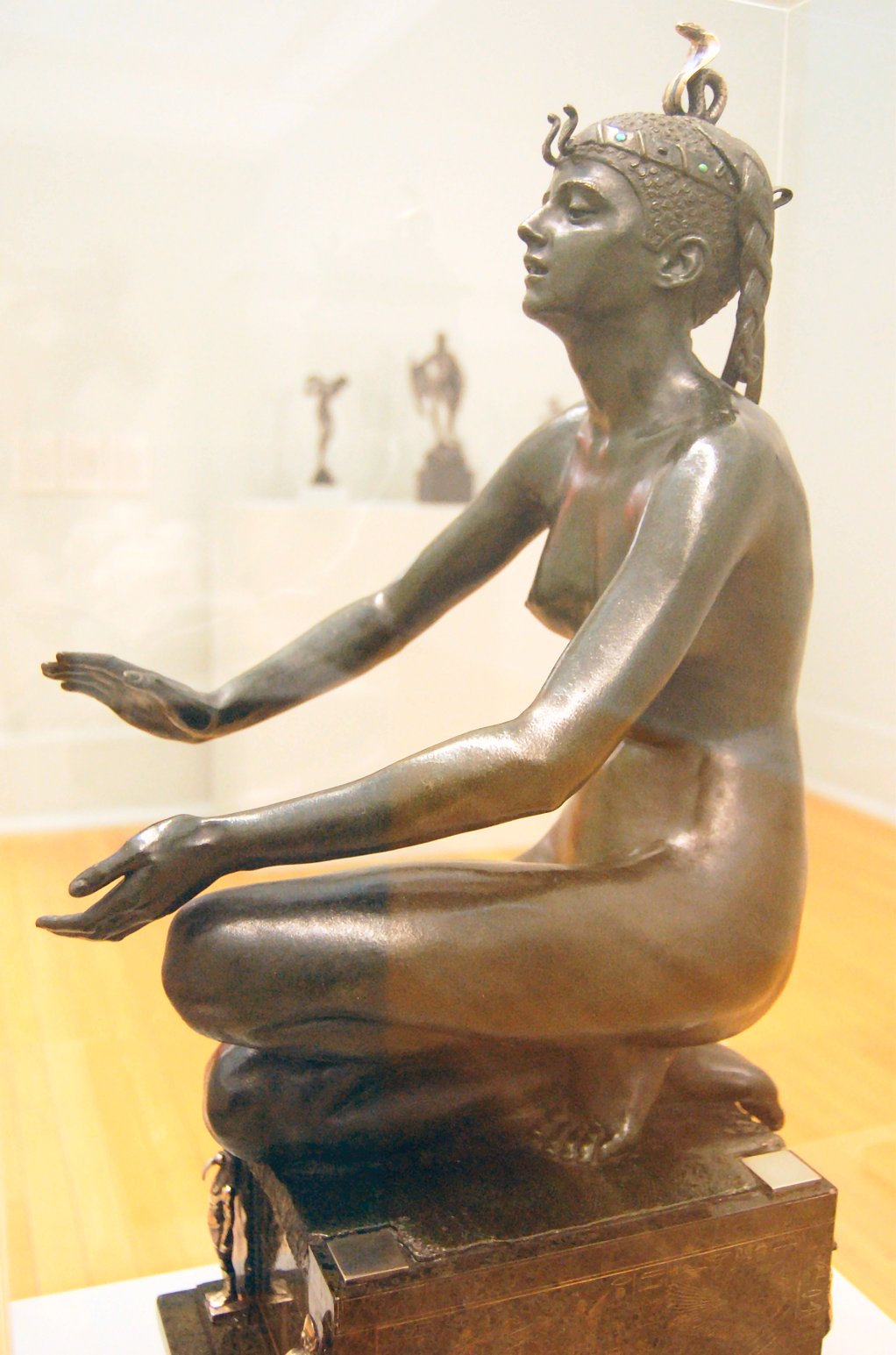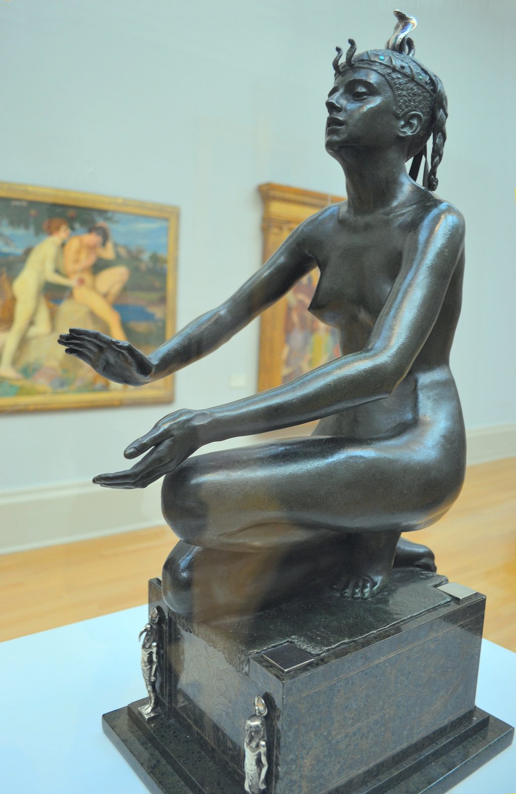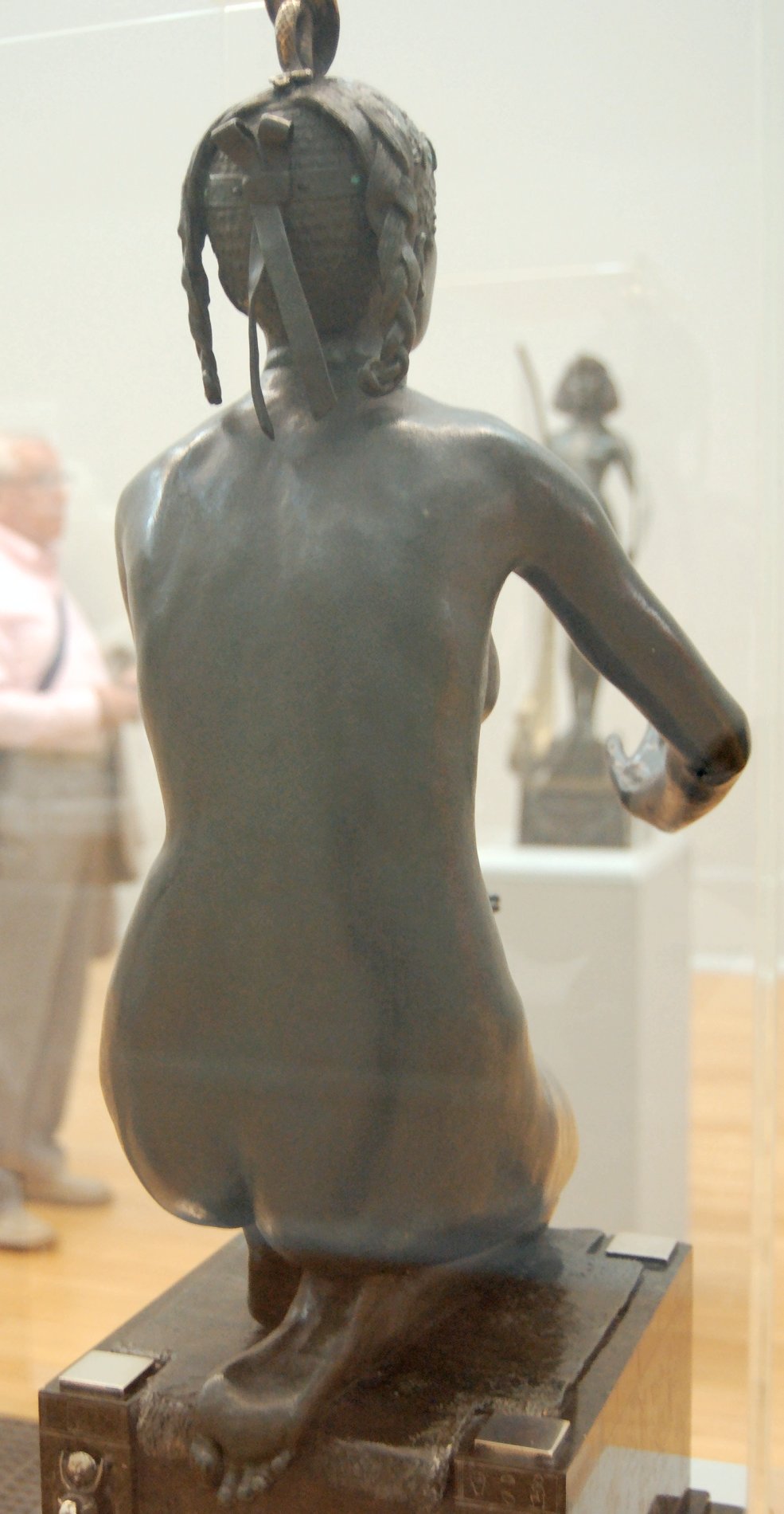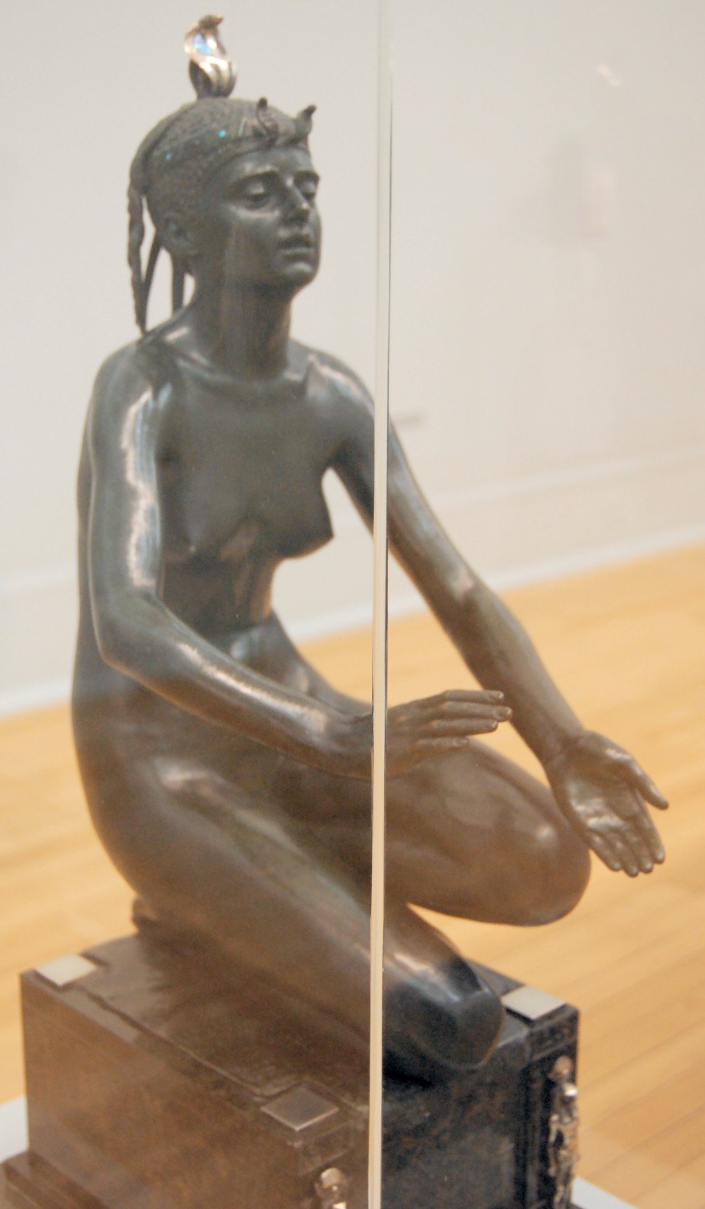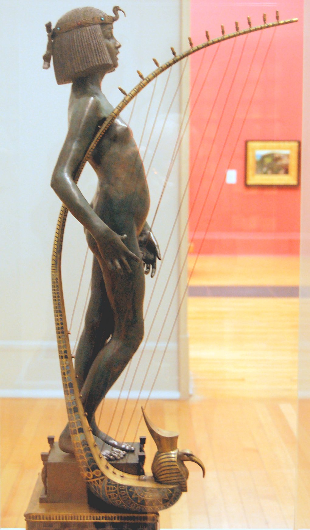 ![]() ![]() ![]() ![]() ![]() ![]() ![]() ![]() This 1893 companion piece to The Singer doesn’t seem to appear in many vintage art books, at least not the ones where I found the older photos of The Singer. Unlike The Singer, which was part of the original Tate collection, Applause used to be privately-owned and was hardly ever displayed. She was later acquired by the Tate and, her appearance there in the summer of 2010 was a rare opportunity for me to photograph her. Admittedly these images suffer from the same problems as my other Tate pictures, but apart from one small image on the official Tate website and a few more on Flickr, these were for a time be the only photos you could find of her anywhere. Finally in December 2012 she went back on permanent display at the Tate’s BP Walk Through British Art galleries - though frustratingly, The Singer has not been put back on display with her. One of the following shots (see if you can spot which one) was taken while the room was being prepared, before she was put back in her glass case. As for the rest, by using a wide angle lens, and wearing dark clothing and gloves, I was able to avoid some of the reflection problems I’d previously experienced with the glass, although in some views the wide angle makes her hands look freakishly big. ![]() ![]() ![]() ![]() ![]() ![]() ![]() ![]() ![]() ![]() ![]() ![]() ![]() ![]() ![]() ![]() Some rare old engravings show the statue on a tall pedestal, just like her ‘sister’. It would be fascinating to see the two statues displayed that way, but I guess it wasn’t practical, even assuming the pedestals still exist. As you can see, this girl also has a headdress and coronet, this time decorated with cobras (representing the Nile, apparently), and also sits on a sculpted pedestal. Although not as finely-detailed as The Singer, there’s still a lot to enjoy about this piece. ![]() This is a contrast-enhanced photo of the rear of the pedestal, showing two statuettes of Egyptian goddesses, and a hidden image that hopefully shouldn’t be too hard to make out... ![]() Amongst the Egyptian-style engravings on the sides of the pedestal (the left side is a mirror-image of the right) are two figures, one of which looks suspiciously similar to Applause herself, and the other of which is indubitably The Singer. The engraved Singer seems to have been promoted to lead singer in the band. Good for her. ![]() ![]() ![]() ![]() Finally, here’s a comparison between a real panel from an Ancient Egyptian tomb painting, now in the Metropolitan Museum of Art, New York, and the top row of musicians on the base of Applause. Note the similarities between the clothing (what there is of it!), decoration, headdresses and musical instruments, demonstrating that Ford had done some research on his subject. ![]() Dating from roughly the same period, French sculptress Jeanne Itasse’s statue Egyptian Harpist uses similar subject matter to Ford’s Egyptian girls. Unfortunately I’ve only been able to find one vintage photo of it, and it’s possible that it may not have survived the upheavals of the 20th century, which would be a shame. ![]() Meanwhile, rounding off this look at the two girls, here’s a comparison of their faces in profile. You’ll notice that in both cases the camera chose to focus on the foreground, so their headpieces came out sharper than their actual faces. ![]() Folly (1886) Tate Britain Gallery, London, August-September 2010.
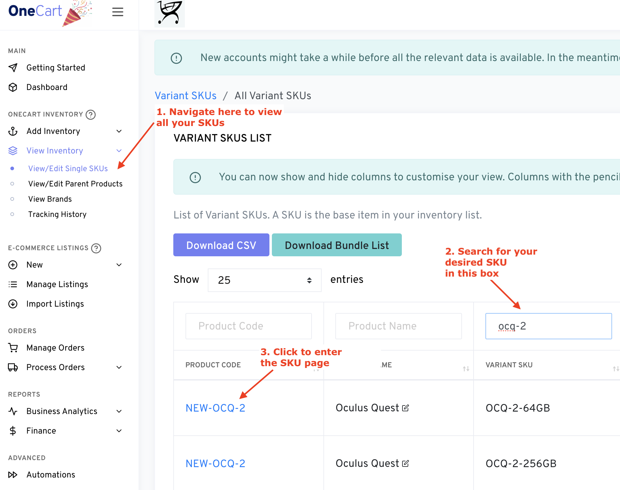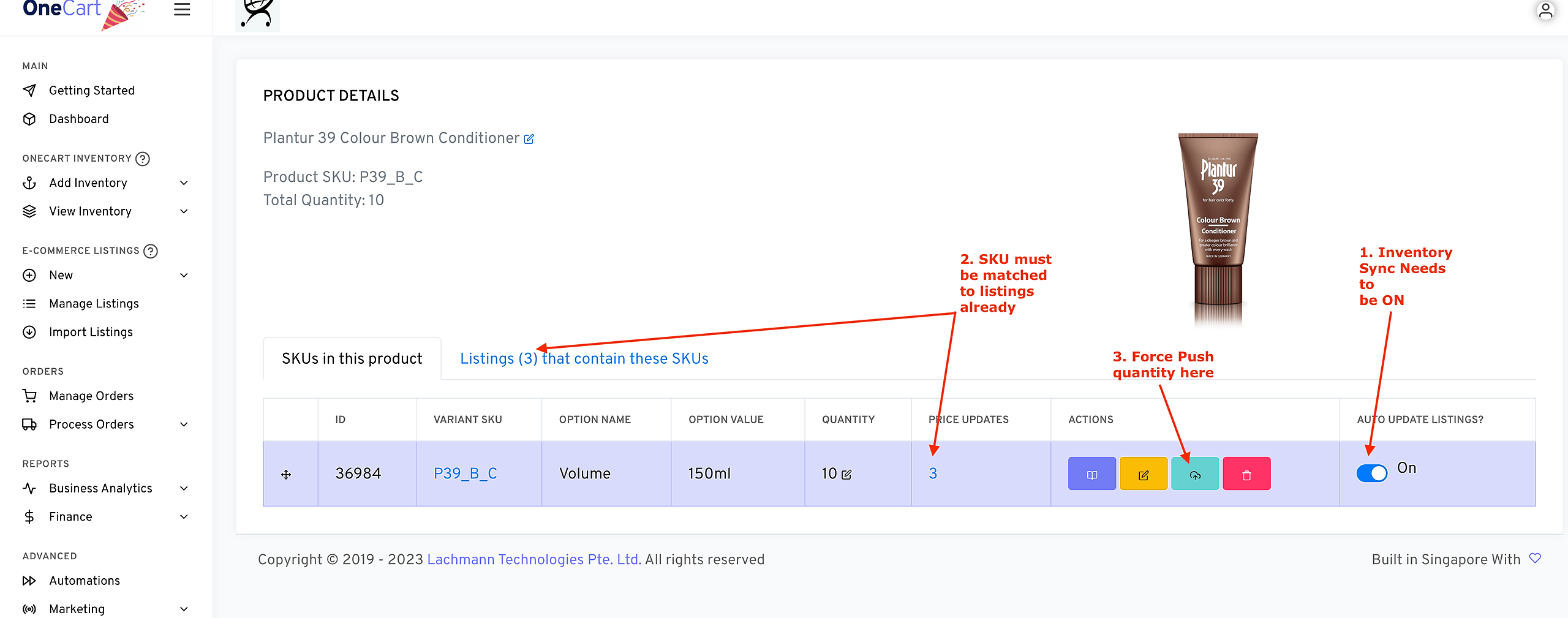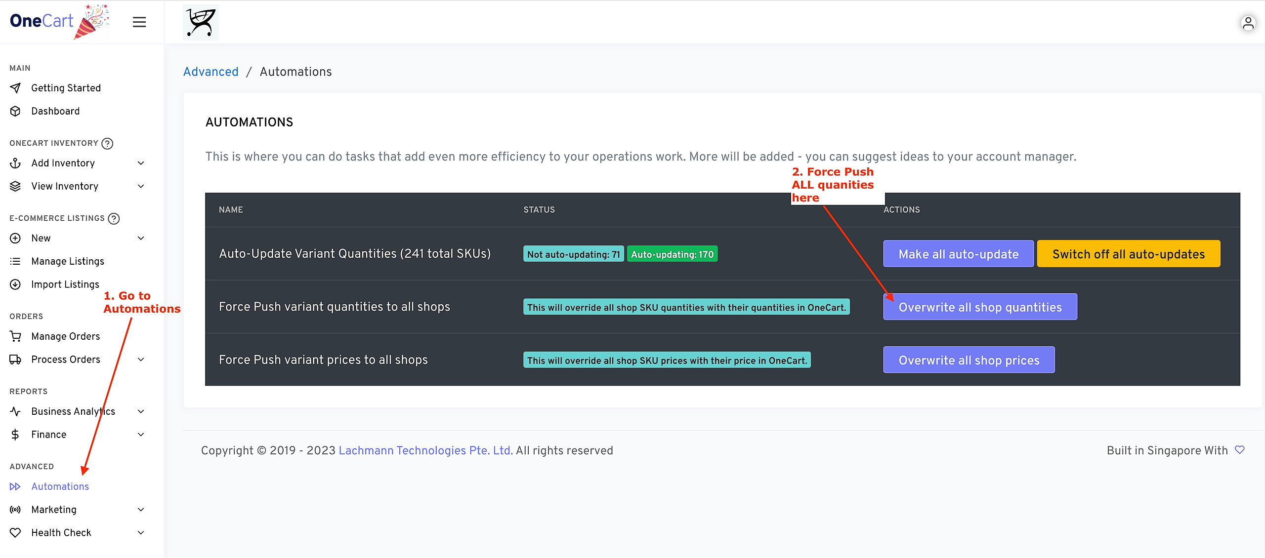You can quickly “push” OneCart SKU quantities to the matched SKU on your e-commerce platforms.
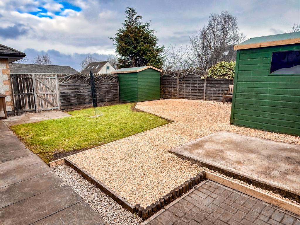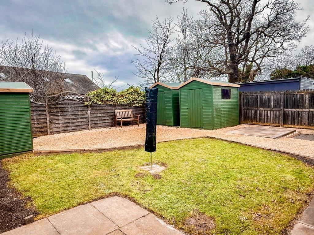 Lock block driveway for parking up to 5 vehicles. Enclosed garden area with three sheds. Access around the side.
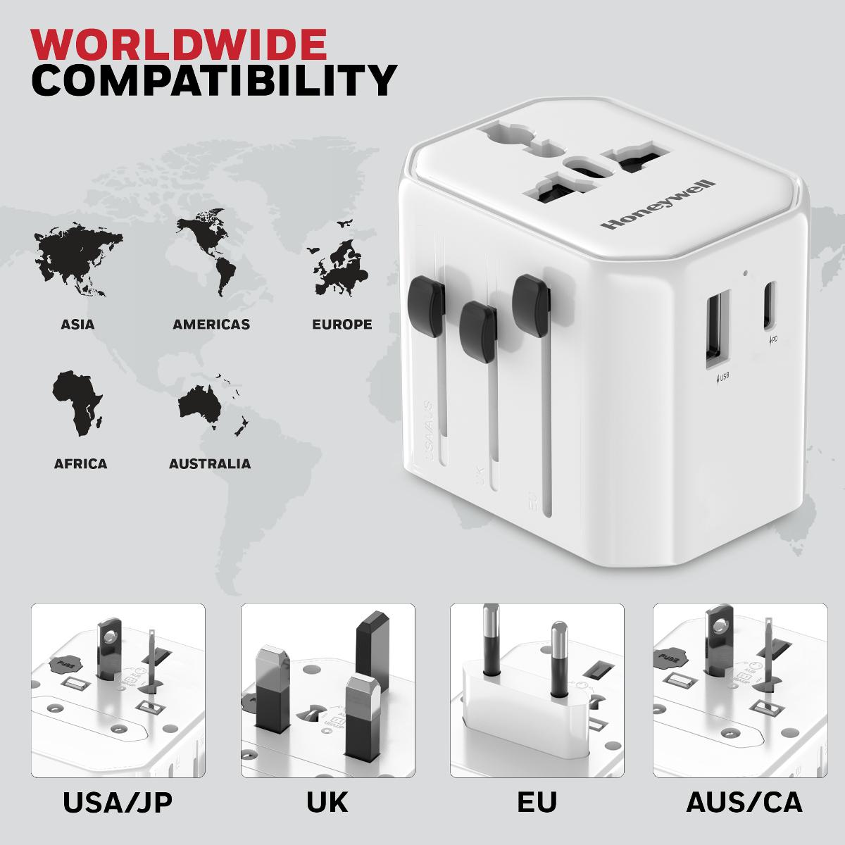 Honeywell Universal World Travel Adapter 38W - White HC000063CHGTRVWHT38W

▸ **What this task involves**
Produce a verbatim transcription of every line in the listing, images omitted.

▸ **Expected output**
 ![]() ![]() ![]() ![]() ![]() ![]() ![]() ![]() This 1893 companion piece to The Singer doesn’t seem to appear in many vintage art books, at least not the ones where I found the older photos of The Singer. Unlike The Singer, which was part of the original Tate collection, Applause used to be privately-owned and was hardly ever displayed. She was later acquired by the Tate and, her appearance there in the summer of 2010 was a rare opportunity for me to photograph her. Admittedly these images suffer from the same problems as my other Tate pictures, but apart from one small image on the official Tate website and a few more on Flickr, these were for a time be the only photos you could find of her anywhere. Finally in December 2012 she went back on permanent display at the Tate’s BP Walk Through British Art galleries - though frustratingly, The Singer has not been put back on display with her. One of the following shots (see if you can spot which one) was taken while the room was being prepared, before she was put back in her glass case. As for the rest, by using a wide angle lens, and wearing dark clothing and gloves, I was able to avoid some of the reflection problems I’d previously experienced with the glass, although in some views the wide angle makes her hands look freakishly big. ![]() ![]() ![]() ![]() ![]() ![]() ![]() ![]() ![]() ![]() ![]() ![]() ![]() ![]() ![]() ![]() Some rare old engravings show the statue on a tall pedestal, just like her ‘sister’. It would be fascinating to see the two statues displayed that way, but I guess it wasn’t practical, even assuming the pedestals still exist. As you can see, this girl also has a headdress and coronet, this time decorated with cobras (representing the Nile, apparently), and also sits on a sculpted pedestal. Although not as finely-detailed as The Singer, there’s still a lot to enjoy about this piece. ![]() This is a contrast-enhanced photo of the rear of the pedestal, showing two statuettes of Egyptian goddesses, and a hidden image that hopefully shouldn’t be too hard to make out... ![]() Amongst the Egyptian-style engravings on the sides of the pedestal (the left side is a mirror-image of the right) are two figures, one of which looks suspiciously similar to Applause herself, and the other of which is indubitably The Singer. The engraved Singer seems to have been promoted to lead singer in the band. Good for her. ![]() ![]() ![]() ![]() Finally, here’s a comparison between a real panel from an Ancient Egyptian tomb painting, now in the Metropolitan Museum of Art, New York, and the top row of musicians on the base of Applause. Note the similarities between the clothing (what there is of it!), decoration, headdresses and musical instruments, demonstrating that Ford had done some research on his subject. ![]() Dating from roughly the same period, French sculptress Jeanne Itasse’s statue Egyptian Harpist uses similar subject matter to Ford’s Egyptian girls. Unfortunately I’ve only been able to find one vintage photo of it, and it’s possible that it may not have survived the upheavals of the 20th century, which would be a shame. ![]() Meanwhile, rounding off this look at the two girls, here’s a comparison of their faces in profile. You’ll notice that in both cases the camera chose to focus on the foreground, so their headpieces came out sharper than their actual faces. ![]() Folly (1886) Tate Britain Gallery, London, August-September 2010.
You can quickly “push” OneCart SKU quantities to the matched SKU on your e-commerce platforms.
 Lock block driveway for parking up to 5 vehicles. Enclosed garden area with three sheds. Access around the side.
 Honeywell Universal World Travel Adapter 38W - White HC000063CHGTRVWHT38W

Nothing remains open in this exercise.